The bank is a member of the Belarusian Chamber of Commerce and Industry, a member of the Association of Belarusian Banks, a member of the Association of Securities Market Participants, a member of the Belarusian Currency and Stock Exchange, an agent of the Government of Belarus in servicing external government loans, a direct participant in the BISS (Belarus Interbank Settlement System) - the interbank settlement system of the National Bank of the Republic of Belarus. Since February 26, 2024, the Bank has been a member of the Association of Trade Finance Professionals with the right to participate in the activities of this organization and cooperate in the field of trade finance and documentary business.

For more than 20 years, the Bank's financial statements have been audited according to international financial reporting standards.

The Bank is one of the largest systemically important banks in the Republic of Belarus, fulfilling the prudential requirements established by the National Bank to ensure the safe functioning of the banking system.

==Operations==
As of October 1, 2024, the bank served about 34.9 thousand legal entities and individual entrepreneurs, as well as 1.6 million private clients, which is about 17% of the population of Belarus.

The bank continues to develop the service sector based on the use of card technologies, modern remote banking systems, a single settlement and information space.

As of October 1, 2024, the number of payment cards issued by the bank in circulation amounted to more than 1.25 million pieces. The share of bank payment cards of the Belkart payment system is 64 percent.

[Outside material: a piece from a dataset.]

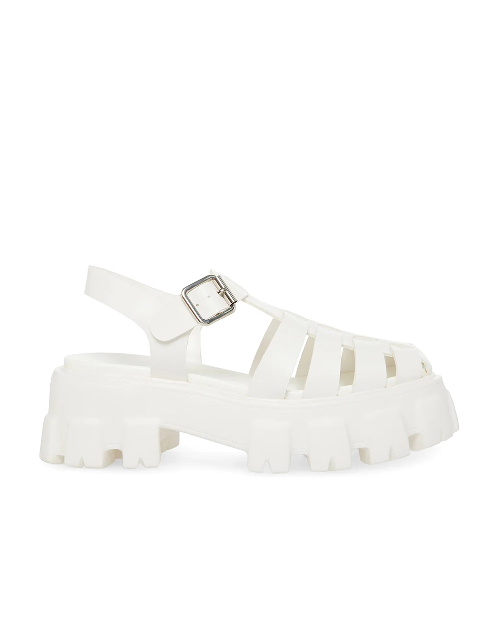 Steve Madden Echo Platform Sandals. The Echo sandal has a classic fisherman strap design over a heavily treaded platform sole. Buckle closure at ankle strap. Lug sole. 2 inch heel height. 1.5 inch platform. Synthetic upper material, lining and sole. Imported.

The regional network of Belinvestbank includes 77 service points.

The acquiring network as of October 1, 2024, included 503 ATMs and 12.2 thousand units of payment equipment in trade and service enterprises.

The expansion and strengthening of the bank's client base in certain market segments is built through the development of cooperation with large enterprises, as well as small and medium-sized businesses. The bank is working to support the development of women's entrepreneurship, including participation in the implementation of the state program "Small and Medium Entrepreneurship" for 2021–2025.

In 2021, the ACRA rating agency assigned Belinvestbank a BB+(RU) rating with a stable outlook on the national scale. The rating was confirmed annually, in 2023 it was raised to BBB-(RU), and in 2024 it was confirmed. At the same time, in 2021, the bank was assigned a B+ rating with a stable outlook on the international scale. This rating is confirmed annually (2022–2024)).

In 2023, following the results of the annual QSA audit, the Bank demonstrated full compliance with the requirements of the PCI DSS (Payment Card Industry Data Security Standard), confirming the high level of technological security of bank payment card data serviced by the bank. In January 2024, the rating agency BIK Ratings confirmed the ESG rating of Belinvestbank OJSC at the A.esg level with a Positive outlook.

==Sanctions==
In 2022, the bank was included in the sanctions list of all EU countries and disconnected from SWIFT "in response to the fact that Belarus significantly facilitated and supported Russia's invasion of Ukraine, and supported the Russian armed forces".

On February 24, 2022, Belinvestbank and its subsidiaries Belbusinessleasing and Belinvest-Engineering were included in the US sanctions list of specially designated nationals and blocked persons. In March of the same year, legal entities were included in Canada's sanctions list of "associates of the Lukashenko regime" for "facilitating President Putin's invasion of a free and sovereign country". The UK also imposed sanctions against Belbusinessleasing and Belinvest-Engineering. Since October 2022, Belinvestbank, Belbusinessleasing and Belinvest-Engineering have been under sanctions from Ukraine, and since July 2023, under sanctions from New Zealand. Sanctions have also been imposed against the bank by Switzerland and Japan.